Portfolio managers described the move as partly a routine correction after a prolonged rally in AI related stocks that had driven their valuations to premium levels versus the broader market. That suggests this is just a routine, healthy correction, Gallagher said. But investors also face a more uncertain macroeconomic backdrop, complicating the calculus for risk taking. Gallagher noted that there is an element of de risking amid an uncertain macro environment. Investors are uncertain about a previously expected Fed rate cut in December, he said, adding that the central bank will "probably" now pause in the first quarter of 2026.

That recalibration of rate expectations has immediate market consequences. Higher for longer interest rates raise the discount rate applied to long duration tech earnings, making future AI driven profits less valuable in present terms. For growth companies whose business cases rest on scaling revenue far in the future, even small shifts in rate outlooks can materially compress valuations. The combination of stretched multiples and policy uncertainty has prompted some investors to lock in gains and reduce exposure to companies without clear near term profit pathways.

Nvidia's earnings, slated this earnings window, have become the focal point for traders and strategists who view the chipmaker's results and guidance as a proxy for corporate AI spending and data center demand. A strong report could restore confidence by validating continued capex from cloud providers and enterprises. Conversely, cautious guidance on server demand or slowing customer buildouts could deepen the re pricing and spur further rotation into cyclical and value sectors.
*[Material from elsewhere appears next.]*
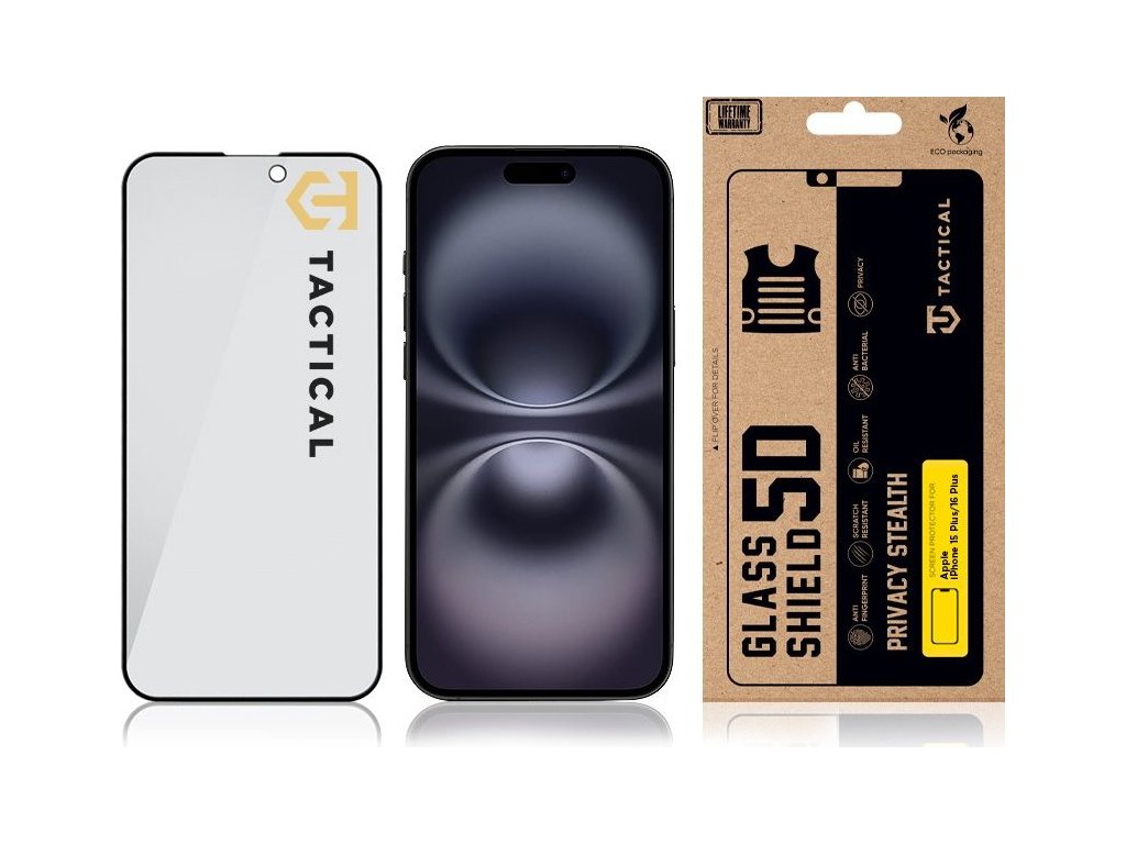 Tactical Glass Shield Privacy Stealth 5D sklo pre Apple iPhone 15 Plus/16 Plus Black

Looking beyond the immediate trading dynamics, the episode underscores a longer term theme for markets and policymakers. The AI era continues to reshape revenue sources across sectors, but investors are increasingly demanding clearer lines from experimental adoption to monetization. For the Federal Reserve, signs that markets are tightening valuations because of policy uncertainty could influence communication and timing decisions. For companies, the path ahead will require demonstrable revenue traction and margin improvement to justify premium valuations granted during the hype phase. The coming weeks of earnings and economic data will determine whether this is a temporary pullback or the beginning of a more prolonged reassessment of AI era expectations.